• [Directions] Give again, word for word, each line below starting at the one that contains "Lüdingworther Straße Nun" and ending at the one that contains "Delicioso pedaço de".

** Opening Input material block **

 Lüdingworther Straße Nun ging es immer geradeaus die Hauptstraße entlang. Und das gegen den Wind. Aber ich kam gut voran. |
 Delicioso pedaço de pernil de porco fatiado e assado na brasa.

** Closing Input material block **
** Opening Input material block **

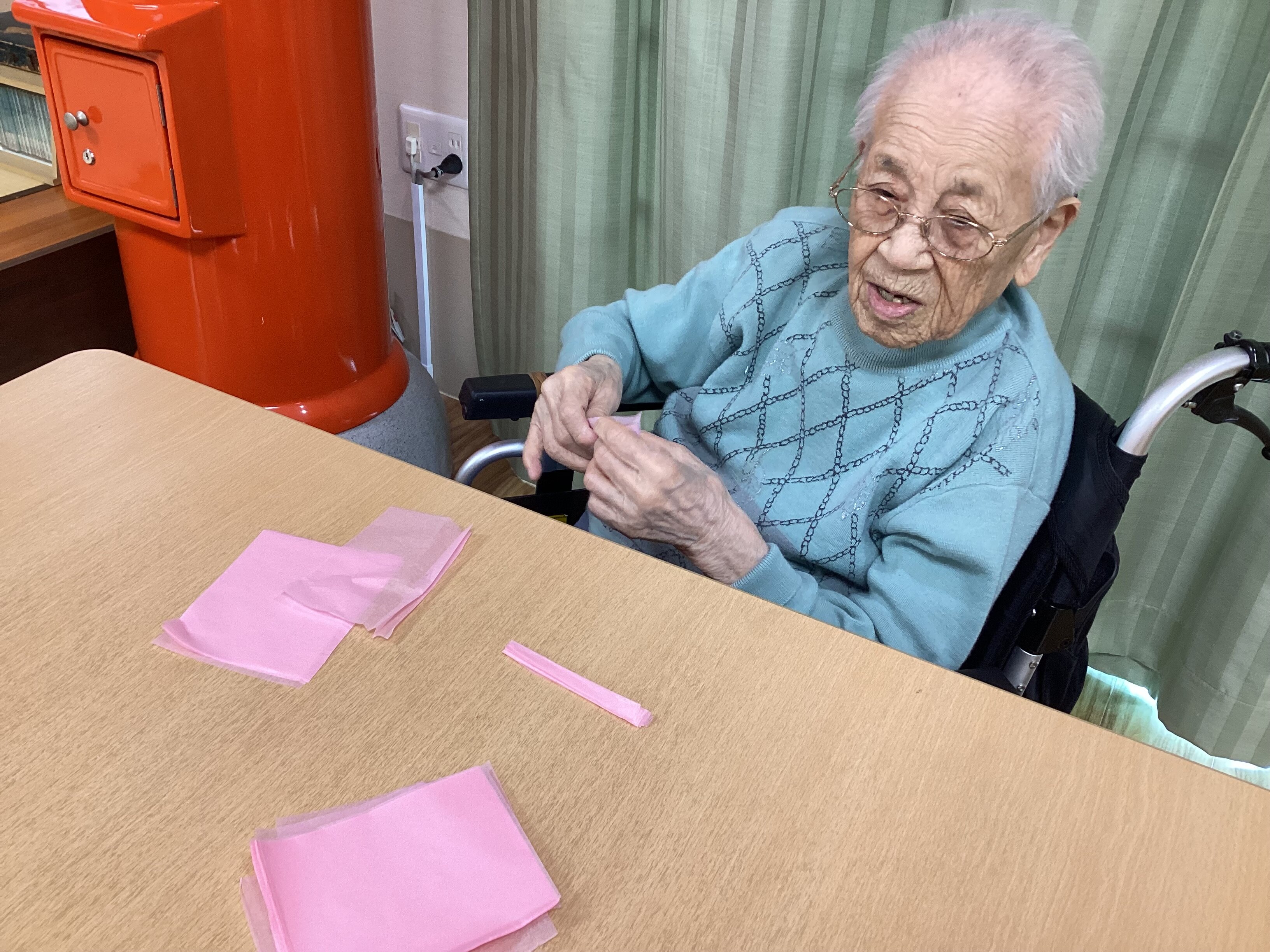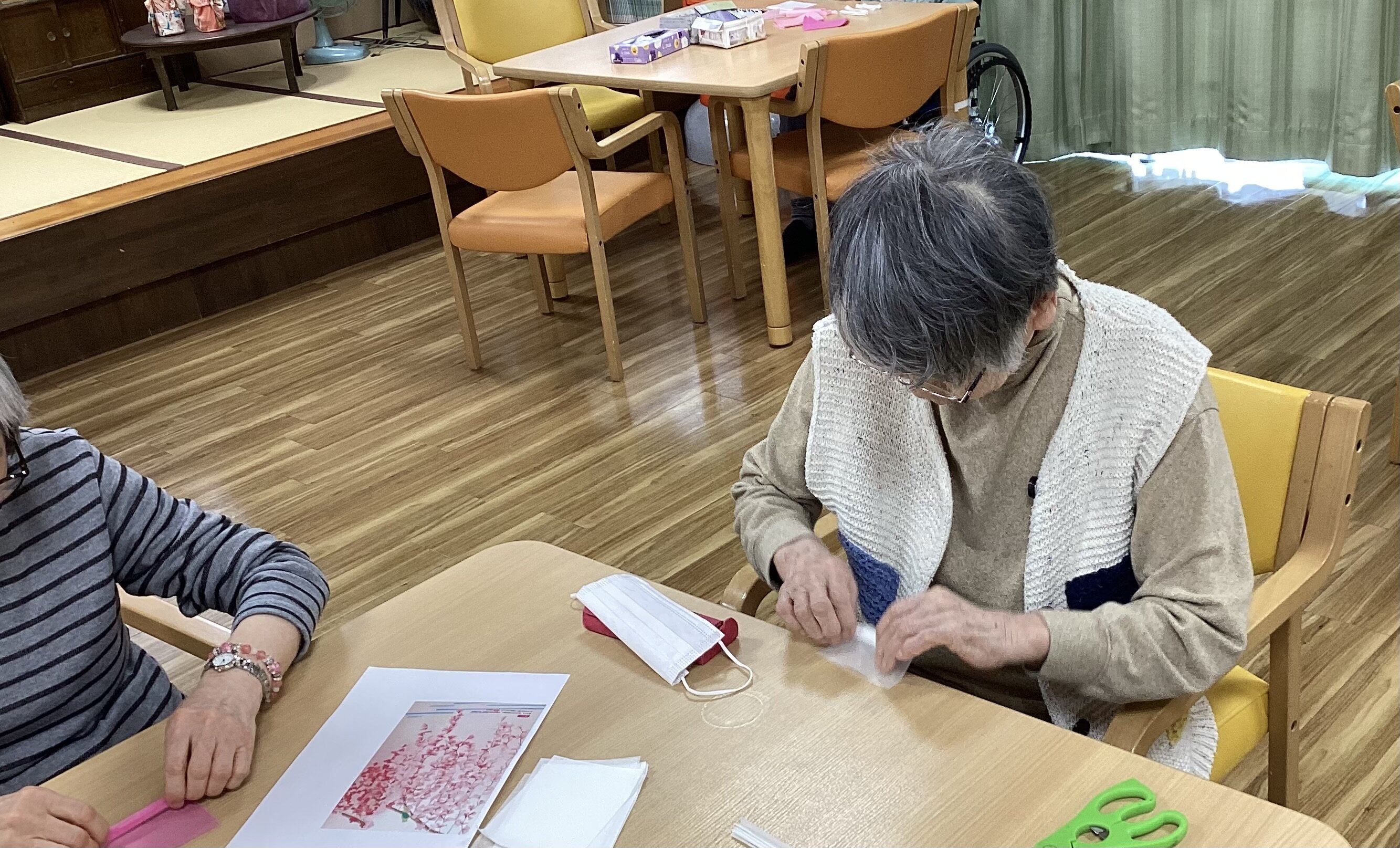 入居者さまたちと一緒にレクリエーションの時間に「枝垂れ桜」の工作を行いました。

** Closing Input material block **

• [Final answer]
 Lüdingworther Straße Nun ging es immer geradeaus die Hauptstraße entlang. Und das gegen den Wind. Aber ich kam gut voran. |
 Delicioso pedaço de pernil de porco fatiado e assado na brasa.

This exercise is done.